Given the massive number of recent recalls due to concerns regarding foods contaminated with Listeria monocytogenes – a foodborne bacteria that can cause potentially fatal illness in the elderly, young children, and people with immune systems that are otherwise already compromised – it would be easy to overlook an outbreak of an illness that is very rarely fatal, which is exactly what we’ve done with the outbreak of norovirus infections at the University of Oregon.
“Over the past week and a half,” reports Oregon newspaper the Daily Emerald, the University of Oregon “has taken extensive sanitary precautions in an effort to contain the [ongoing] norovirus outbreak.”

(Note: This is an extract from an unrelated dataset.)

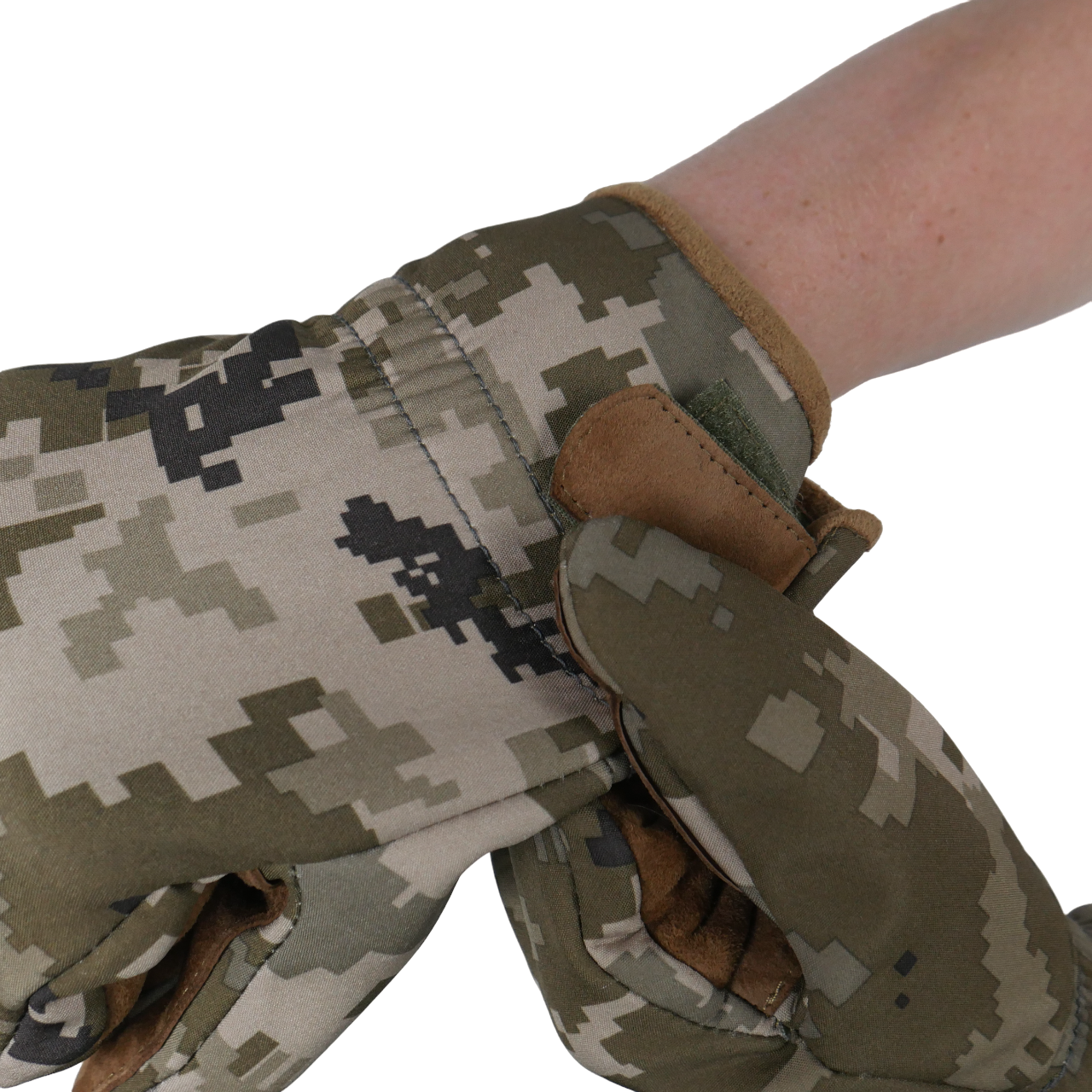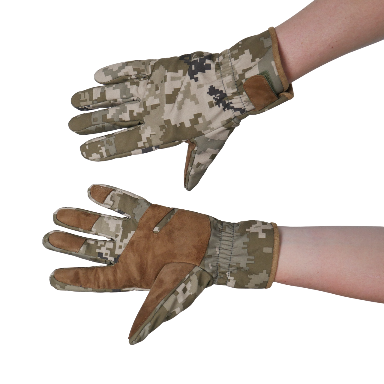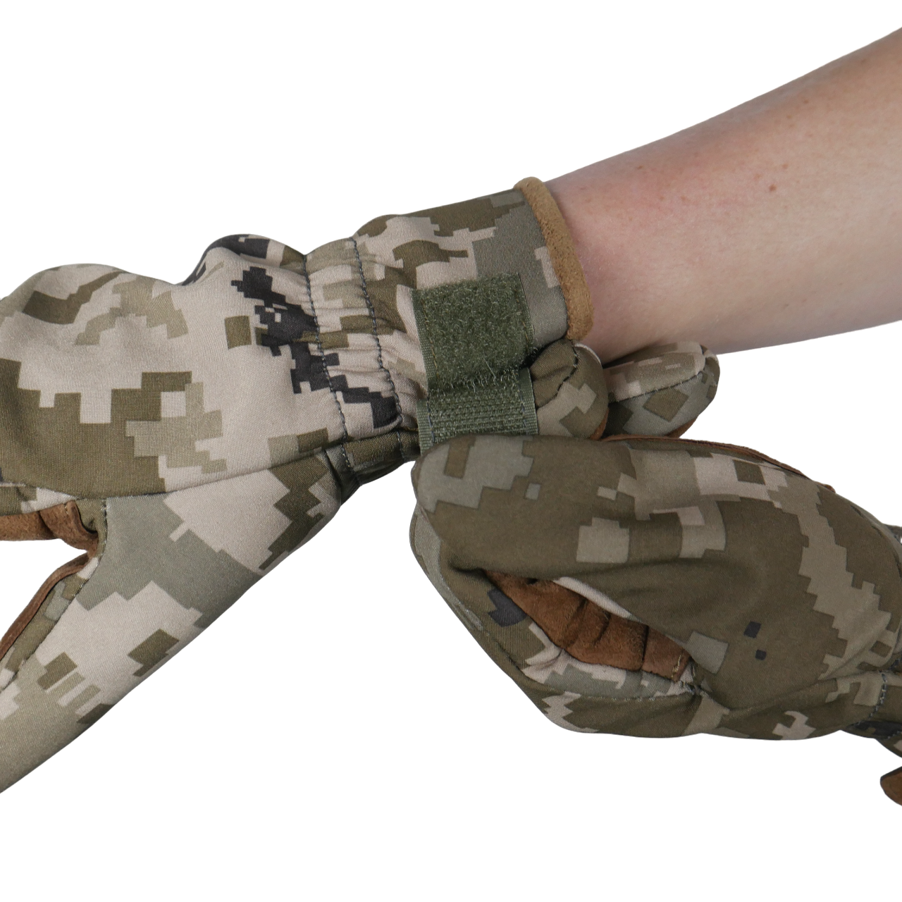 Зимові рукавиці Піксель Softshell – матеріал софтшел 340 (піксель), долонна частина з захисним покриттям із натуральної замші. Вітрозахисна тканина софтшел у поєднанні з флісом забезпечує надійний захист від холоду, що робить рукавички ідеальними для зимових умов.

Lowering the Risk of Norovirus Infections Across UO Campus
Richard Brunader, University of Oregon Health Center medical director, has said that the best option to lower the general risk of norovirus infections is to “start with sanitizing crowded areas,” the Daily Emerald report recounts.

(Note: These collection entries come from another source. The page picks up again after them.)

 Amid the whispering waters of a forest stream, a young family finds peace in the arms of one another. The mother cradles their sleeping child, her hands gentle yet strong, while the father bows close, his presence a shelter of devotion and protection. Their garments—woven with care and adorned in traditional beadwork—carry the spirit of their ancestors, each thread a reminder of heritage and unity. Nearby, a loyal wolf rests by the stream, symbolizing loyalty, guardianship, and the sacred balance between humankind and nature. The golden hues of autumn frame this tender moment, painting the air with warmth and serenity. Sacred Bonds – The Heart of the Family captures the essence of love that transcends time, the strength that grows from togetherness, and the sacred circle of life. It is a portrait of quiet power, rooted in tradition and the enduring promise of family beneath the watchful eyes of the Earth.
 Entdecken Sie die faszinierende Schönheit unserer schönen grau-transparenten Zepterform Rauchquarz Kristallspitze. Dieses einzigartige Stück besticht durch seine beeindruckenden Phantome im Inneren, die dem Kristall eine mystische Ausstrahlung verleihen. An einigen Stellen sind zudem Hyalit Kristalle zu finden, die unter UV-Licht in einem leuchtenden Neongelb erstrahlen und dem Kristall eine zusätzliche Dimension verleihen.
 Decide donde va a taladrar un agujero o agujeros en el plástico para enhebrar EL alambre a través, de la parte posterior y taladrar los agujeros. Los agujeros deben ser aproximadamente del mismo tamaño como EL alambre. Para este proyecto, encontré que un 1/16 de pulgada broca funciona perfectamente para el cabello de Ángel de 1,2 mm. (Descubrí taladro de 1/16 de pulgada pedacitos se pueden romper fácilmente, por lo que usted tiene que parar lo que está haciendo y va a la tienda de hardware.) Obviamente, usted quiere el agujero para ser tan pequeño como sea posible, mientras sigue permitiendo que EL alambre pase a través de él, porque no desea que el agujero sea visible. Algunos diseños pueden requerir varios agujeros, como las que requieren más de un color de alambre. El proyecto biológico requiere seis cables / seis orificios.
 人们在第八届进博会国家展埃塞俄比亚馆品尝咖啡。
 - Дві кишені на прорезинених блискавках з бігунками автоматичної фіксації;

According to Brunader, “what we’re doing is trying to identify those students that we think are at risk and try to identify where they live and identify high traffic areas like the EMU, the Rec Center, places where we think that have high propensity of student contact and get those regularly disinfected.”
Preventing Spread at the UO Health Center
Brunader said that the Center had changed some of its procedures in an attempt to contain the norovirus infections, especially when infected students come to seek treatment at the Health Center itself.
In essence, what the Health Center is trying to do with people that they “think [have Norovirus] is to get them in as fast as we can, opposed to them going to the lab, bring the lab to them, have the pharmacy come to them, check-out in the room,” said Brunader. “We’re trying to isolate them as best we can.”
Source Identification
Meanwhile, identifying the source of the norovirus infections may prove incredibly difficult.
According to Jason Davis, Lane County Health and Human Services public information officer, identifying the source of the outbreak is an incredibly difficult task due to the different information provided to the university and department by outbreak cases.
“Every time you look at 30 people, and you try to get an exact account of where they were and when, it’s almost impossible,” said Davis. “Most of us have relatively bad short term memories.”